Since you've built your random forest using the caret
package, a tip is to use the $finalModel
to obtain the summary of your final model, which is the model that is selected using a pre-defined parameter (default: OOB Accuracy).
Now to answer your question:
From the image below, you can see the random forest randomly chooses from 34 (my example is 31, but you get the point) variables on each split. This is not to be confused with using only 34 variables to grow each tree, as per your question. In fact, all variables are used in a sufficiently large random forest; Only, on each node, one variable is picked from a pool of 34 to reduce variance of the model. This makes each tree more independent from each another and consequently, the gains from averaging over a large number of trees more significant.

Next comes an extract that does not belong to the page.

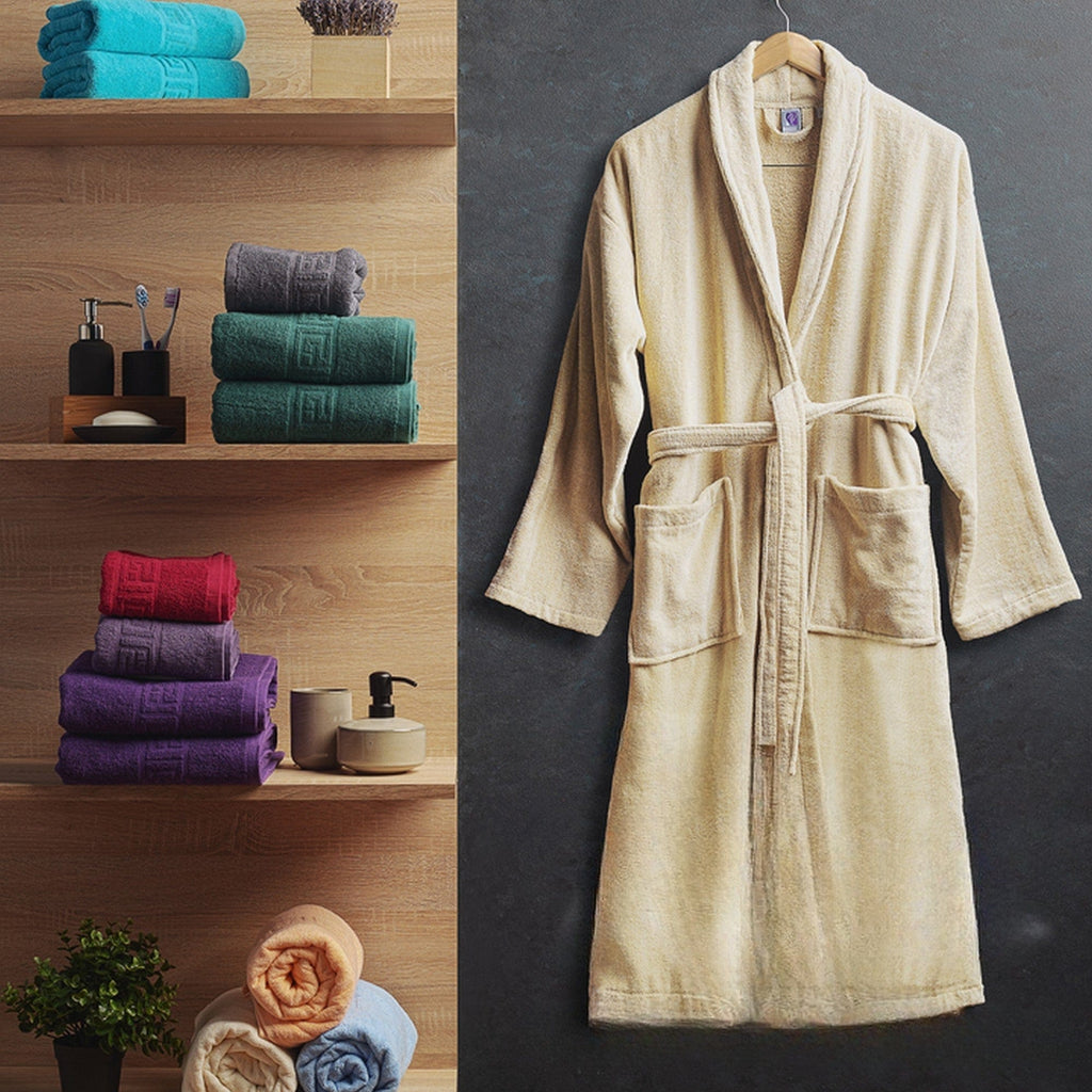 Halat baie VELUR, bej, bumbac, marime XXL

The tree-growing process for each tree is as follow (bold for emphasis, and assuming you're using the randomForest
implementation from caret
or from randomForest
directly):
- For a dataset with N x M dimension (N for observations, M for number of variables), sample (~two-third) of N with replacement from the original data and use this new sample as training set with the observations left out (~one-third) used as a test set
- A number
m
(smaller than M
) is specified such that at each node split, m
variables are selected at random out of the M
and the best candidate out of m
(measured by information gain) is used to split the node. m
is a constant during the forest growing
- Each tree is grown to the largest extent possible without pre- or post-pruning
Sorry for the 2 month late answer, but I thought this is a great question and a shame if it doesn't get a more elaborated explanation about what the mtry
parameter truly does. It's quite often misunderstood so I thought I would add an answer here!